How To Make Fondant Dry Faster! Plz Help Me!
Decorating By shell62995 Updated 12 Jul 2015 , 2:40am by Magda_MI
I broke the cowboy hat brim last night. I made another one out of only fondant and need it to dry ASAP so I can finish making the cake for a raffle tomorrow morning! any suggestions?
It's a little to late for this, but in the future mix in some gumpaste or tylose powder.
I made the 1st one 50/50 gumpaste and fondant. I tossed it when I broke it!
Do you think I should make something else for the raffle? Call it a lesson learned and make another cake?
How about putting it in your oven with just the light bulb that lights the oven on. I've heard that will give off a little heat. Maybe enough to dry the fondant. If only you had added a little gumpaste it would dry more quickly. Any change you can redo?
I would use a little fan pointed directly on it ON HIGH! Things that are still dusted with corn starch dry much faster for me and I just brush it off later. If you can get air under and around it it will dry faster. Parchment paper will alow air to move more where wax paper will not. If it wouldn't stick I would even go as far as placing it on a peice of foam or a washcloth to help with air flow under it.
I wouldn't do the oven thing it needs more air to absorb the moisture from it. An oven is mostly sealed with vents and dosn't get good air flow.
Put your cake under the air condition vent and lower the air so it keeps blowing on it.
Put your cake under the air condition vent and lower the air so it keeps blowing on it.
good idea! Trying that now!
ALowering temp in your house raises the humidity. This is apparently counter intuitive and the opposite of what people in the a/c business usually say.
I Googled it again and the sites that seemed science based said turning your a/c temp down lower raises humidity and this has been my personal experience. Everything else I found says the opposite. But I'm inclined to go with what I've actually observed. Outside humidity and temp may be a factor, from what I was reading.
AHowsweet is right about the a/c! Last summer during a very humid stretch I had an awful time trying to get cookies with fondant decorations to dry enough to be mailed. Moving them close to the a/c actually made them sticky and softer than they had been before.
If you have lights under your upper cabinets (assuming you have those), try putting it up near those lights. It will still get the air flow, but it will get a little heat to speed the drying process like you would in the oven.
Good luck!
Would putting it in the freezer help? I'm also trying to make some fondant dry quicker. A last minute request for a cake for tomorrow night!
I have a 6 inch fan I use to help dry items like that. How about using a hair drier on cool, low setting?
If you put it in the freezer it wont dry and when you get it out of the freezer it will be worse than when you put it in there.

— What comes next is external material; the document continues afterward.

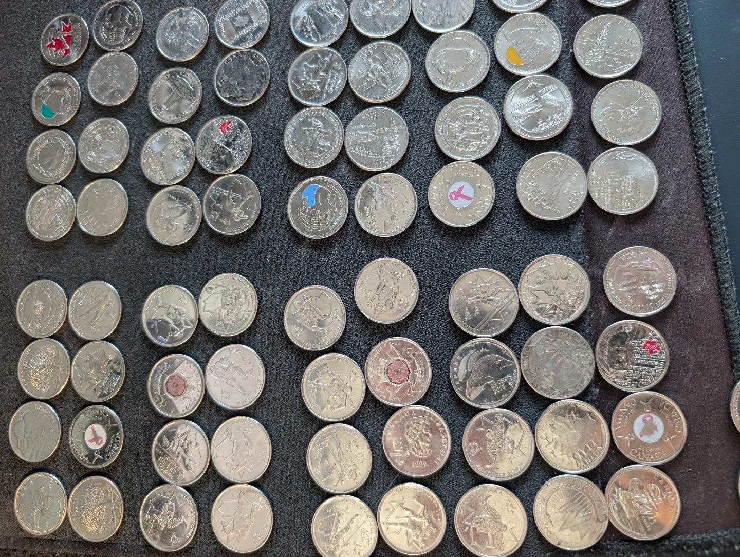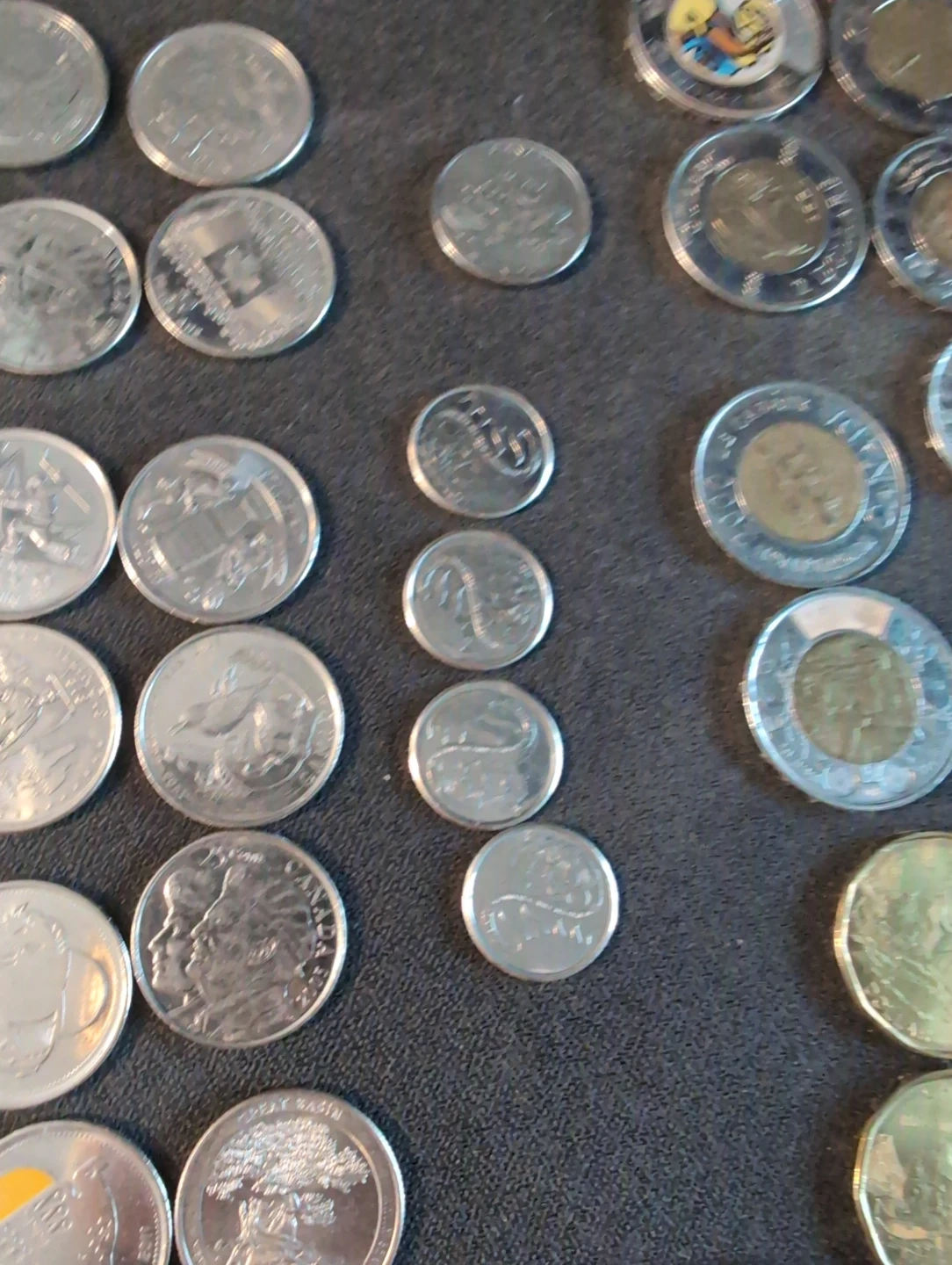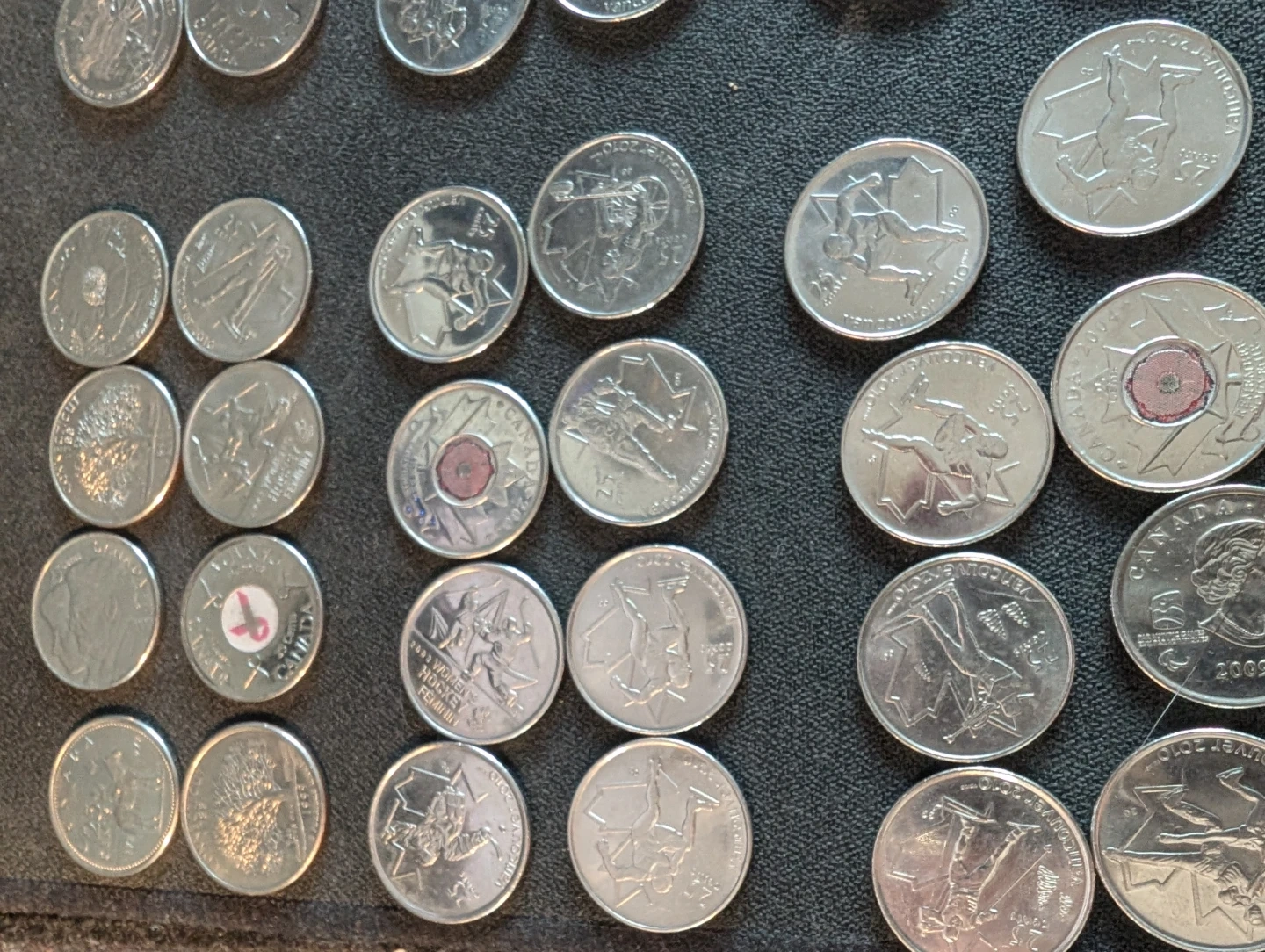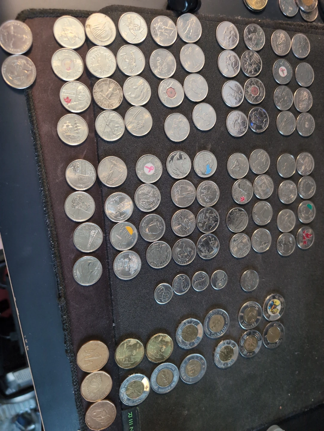 This is a collection of various Canadian coins. It includes toonies, loonies, and other denominations. Some coins feature special designs and commemorative images. These coins are great for collectors or anyone interested in Canadian currency.

If I were you I would try modeling chocolate, it will set up much easier than fondant when you are in a hurry and it wont break from handling it (just melt and soften up if you have hot hands like me :-( - I always keep an 'ice mat' on my bench when I am working with MC to cool my hands on)
You would be better off remaking the item out of gumpaste or adding tylose powder to the fondant.
Next time I will add the gumpaste. Forgot about that - but i did put it in the freezer then the refrigerator overnight. Just delivered it and she loves it. She's keeping it cool until the party tonight at 7. Couldn't use chocolate - the person it was for doesn't like chocolate. Then again... I'm sure they won't eat the fonadant!
Thanks for the suggestions! :D
Keep in mind you can make modeling chocolate out of white chocolate or candy melts. Definitely no real chocolate in those unless they are chocolate flavored!
Blowing A/C probably made it sticky because it was cold enough that moisture condensed out of the air onto it, like it does on a glass of ice water.
Relative humidity will sometimes go up when it cools down, because it's a measure of how much moisture is in the air relative to what it can hold at that specific temperature, and cold air holds less moisture. However, running the A/C will drop the dew point, the total amount of moisture in the air.
Like others, when I want fondant to dry quickly I add tylose powder, which isn't much help for you at this point, alas.